Nomme supérieur du nouveau territoire en 1724, Beaubois se rendit en France à la recherche de personnel et d’aides supplémentaires pour sa mission. Il s’avéra un négociateur coriace dans ses relations avec la Compagnie des Indes, qui, de par sa charte, était censée financer les paroisses et les missions de la colonie où elle exerçait le monopole. En orateur brusque et vigoureux qu’il était, Beaubois rompit les négociations par une retentissante déclaration à l’effet que si les messieurs de la Compagnie des Indes avaient réellement désiré la présence des jésuites en Louisiane, ils n’auraient pas émis de propositions comme celles qu’ils avaient mises de l’avant.

Finalement, les administrateurs de la compagnie et les autorités des jésuites (y compris Beaubois) en vinrent à une entente le 20 février 1726. La compagnie s’engageait à fournir des montants annuels fixes ainsi que des allocations pour le transport et les approvisionnements. Le nouveau contrat autorisait les jésuites à ouvrir une maison à La Nouvelle-Orléans et à exploiter une plantation près de la ville ; cependant, ils ne pouvaient exercer aucun ministère dans la ville ou dans la région avoisinante, à moins d’obtenir la permission des capucins, à qui la compagnie avait réservé par contrat la juridiction sur ce territoire.
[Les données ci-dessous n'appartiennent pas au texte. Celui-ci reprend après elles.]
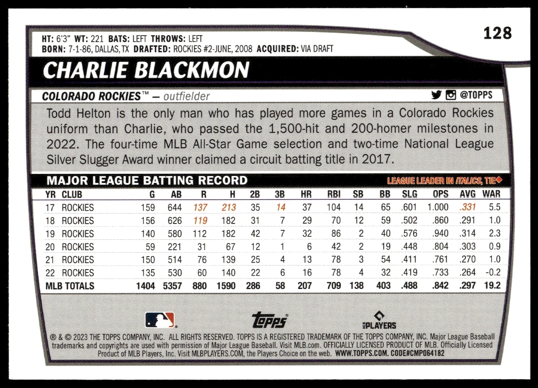 This Baseball card, from 2023 is part of the Topps Big League card set. Charlie Blackmon is featured and has a card number of 128.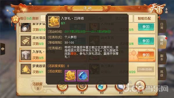 名师出高徒,良师在侧方能共战大荒。开学季活动期间,30级及以上的少侠可在九黎城外寻找璎珞并开启巧拜师旅程,击败前来捣乱的敌人并回答帝师江怀逸的问题,便可获得金牛奋蹄、雷音溟钻等丰厚奖励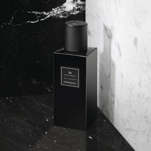 The Le Vestiaire Des Parfum Edition Couture is a collection of fragrances inspired by emblematic addresses of Yves Saint Laurent Couture house. Le Vestiaire Des Parfums Edition Couture 24 Rue de l'Université Eau de Parfum. The tension between the velvety Suede accord and the creamy Sandalwood gives birth to an intriguing fragrance. The contrast between these noble ingredients reflects the serenity and the focused atmosphere of the white wood-panelled studios of the 24 Rue de l’Université. The studios of the house of Saint Laurent are now located at this address. This is the 24 Rue de l’Université, one of the emblematic addresses of Yves Saint Laurent’s Couture house, a 17th century town house formerly known as the Hôtel de Senecterre. This fragrance embodies one of the Couture house’s emblematic addresses which mark out the creation of a collection. Fragrance Notes: Sandalwood, Incense, Daim & Cedar

Avant de quitter la France, Beaubois fit des arrangements pour que les ursulines reçoivent de la Compagnie des Indes une promesse d’aide financière destinée à la création d’une école de filles à La Nouvelle-Orléans, la première de la vallée du Mississipi.

Beaubois retourna en Louisiane sur le vaisseau qui amenait le nouveau commandant de la colonie, Étienne de Périer. À leur arrivée en mars 1727, ils avaient développé un respect et une amitié réciproques qui allaient grandir tout au long des années vécues au sein des factions politiques de la colonie. L’administration de la Louisiane était sans cesse divisée entre partisans et adversaires de Bienville [Le Moyne]. Les premiers, partisans des frères Le Moyne, étaient souvent des gens d’épée, tandis que les autres, les fonctionnaires officiels de la Compagnie des Indes, étaient surtout des gens de plume. Le chef des adversaires de Bienville était le commissaire Jacques de La Chaise, avec lequel Beaubois, admirateur de Bienville, croisa le fer presque dès leur première rencontre.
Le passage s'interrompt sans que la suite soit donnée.